4 Lab 4: Iron
4.1 Getting the R Markdown lab template
Begin by creating a new folder called Lab4-Iron
in your CHEM101_FirstnameLastname
folder. Next, follow steps similar to those found in the GIF in Section 1.1, but select the Iron Analysis R Markdown template and save your file in the newly created Lab4-Iron
folder as lab4.Rmd
.
4.2 The parts of the lab template
4.2.1 YAML
Refer back to The YAML header section in Chapter 1 for a review on what the entries here mean. Remember to be careful with spacing!
4.2.2 Initial R Chunk
Remember that the chemistr
package automatically loads in many useful packages for you. It is loaded here in the setup
chunk and will need to be loaded in order to complete the plots in this lab.
4.2.3 Results chunk
As with previous labs, here you’ll enter the values for Iron
and Absorbance
and create a data frame named iron_data
that pairs these two vectors together. Remember that Iron
and Absorbance
must be of the same length (have the same number of values) for the data_frame
function to work.
4.2.4 Plot chunk
We are interested in fitting a linear regression line using Iron
as our predictor variable and Absorbance
as our response variable here. Make sure to add labels to your plots and include an appropriate figure caption in the R chunk option fig.cap
following the guidelines in the commented R code in the plot1
chunk.
4.2.5 Calculations
In this block of code you’ll be doing some statistical calculations. If you’d like to use R to do so, you’ll need to first download the data file from Moodle and read it into an object in R. So, for example, if the data was saved as a CSV file called iron_class.csv
, you could use the following code after you have Uploaded the file onto your directory on the RStudio Server.
iron_class <- read.csv("iron_class.csv")
Now that you have the data read in, you can use the group_by
, summarize
, and mutate
functions in R to calculate averages, standard deviations, and confidence intervals. If the name of our iron variable for the class is iron
, we can use the summarize
function to calculate the mean (average), standard deviation, and n (how many values are in our sample). We can then use the mutate
function to create new columns corresponding to the lower value of the confidence interval and the upper value of the confidence interval:
iron_class %>%
summarize(mean.iron = mean(iron, na.rm = TRUE),
sd.iron = sd(iron, na.rm = TRUE),
n.iron = n()) %>%
mutate(se.iron = sd.iron / sqrt(n.iron),
lower.ci.iron = mean.iron - qt(1 - (0.1 / 2), n.iron - 1) * se.iron,
upper.ci.iron = mean.iron + qt(1 - (0.1 / 2), n.iron - 1) * se.iron)
To review, the iron_class
data frame is passed into the summarize
function, which creates three new variables mean.iron
, sd.iron
, and n.iron
. We need to determine n.iron
in order to calculate the standard error denoted as se.iron
. We can then put it all together to calculate the confidence interval. Note here that instead of looking up the values in the \(t\) table we can have R look them up for us at the 90% level (this corresponds to the 95th percentile value in the \(t\) distribution with n.iron - 1
degrees of freedom).
4.2.6 The remainder of the lab
Lastly, you’ll need to include a picture of your calculations if you didn’t use R and also a discussion of your results following the directions in the template.
4.3 Note on white space
As you look over the R Markdown document you’ll see that there is always a new line of white space between the discussion and the R chunks and also between each of the R chunks. It is highly recommended that you also follow this workflow. You’ll receive some strange errors at times if you try to stack everything together and it’s also much harder to follow for another reader of your document if you have everything bunched together. White space is your friend!
4.4 Spell-check
Just as I’m sure your English teachers have told you to spell check your documents before submitting, you are also encouraged to do so here. There is a built-in spell check option found near the Knit button.

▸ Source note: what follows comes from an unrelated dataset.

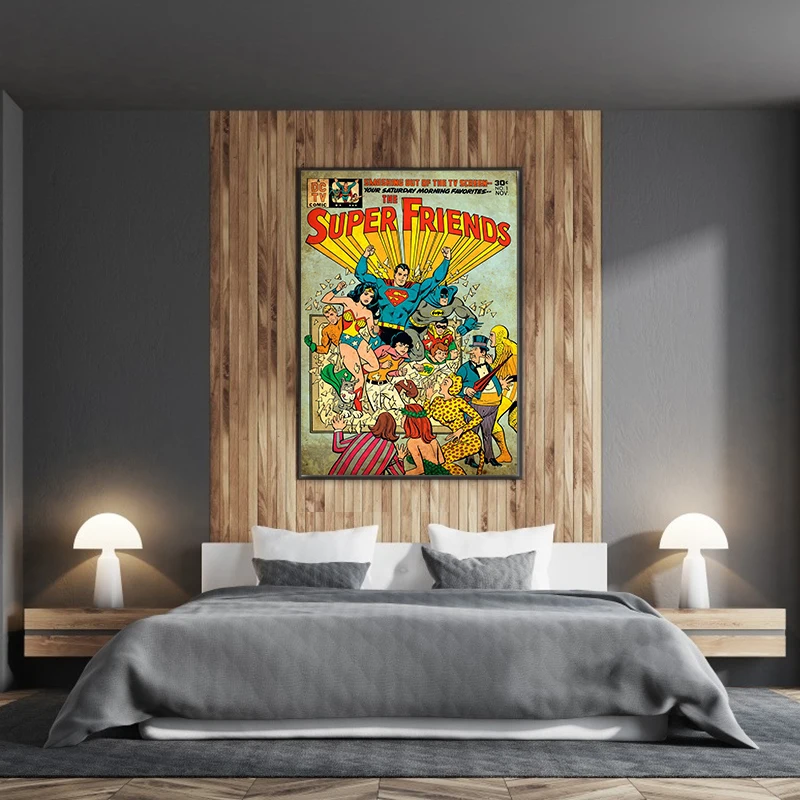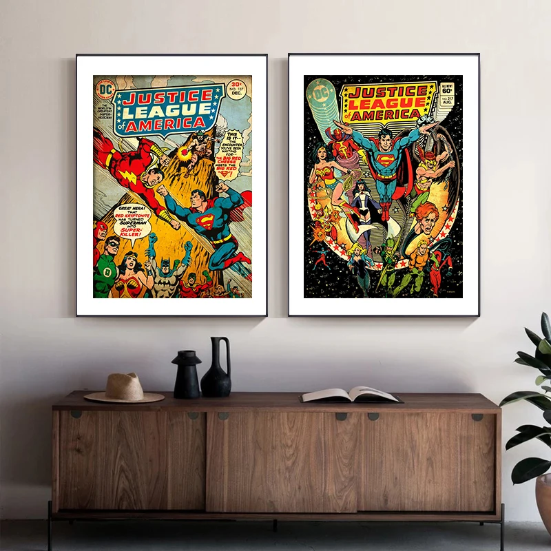 Ретро комикс постер Лиги Справедливости DC, винтажная Картина на холсте ржавчины, чудо-женщина, Бэтмен, Супермен, настенное искусство, украшение для дома

Please run this and carefully read over your lab report before converting it to a PDF and submitting it to Moodle.
4.5 Converting your Word document to PDF
The directions for each lab on Moodle say to upload a PDF version of your lab. You’ll see how to create this PDF from inside Microsoft Word for Mac. A similar procedure can be done using LibreOffice (https://www.libreoffice.org/download/libreoffice-fresh/) on Linux, Mac, or Windows machines or Microsoft Word on a PC. You may also have the option to Save As a PDF there and you can get to this option by going to File -> Save As -> File Format: -> PDF on the Mac if you prefer.
4.6 Note on requesting help
It is extremely helpful for us if you can share a link to your RStudio Project in any emails requesting help. This link is available by going to your RStudio project in the top right corner of RStudio, clicking on it and then selecting Share Project, and then select Sharing as seen in the screenshots below.
The link is given in the Project URL. Please copy this entire link into the body of your emails to Danielle or I so that we can quickly look into your errors.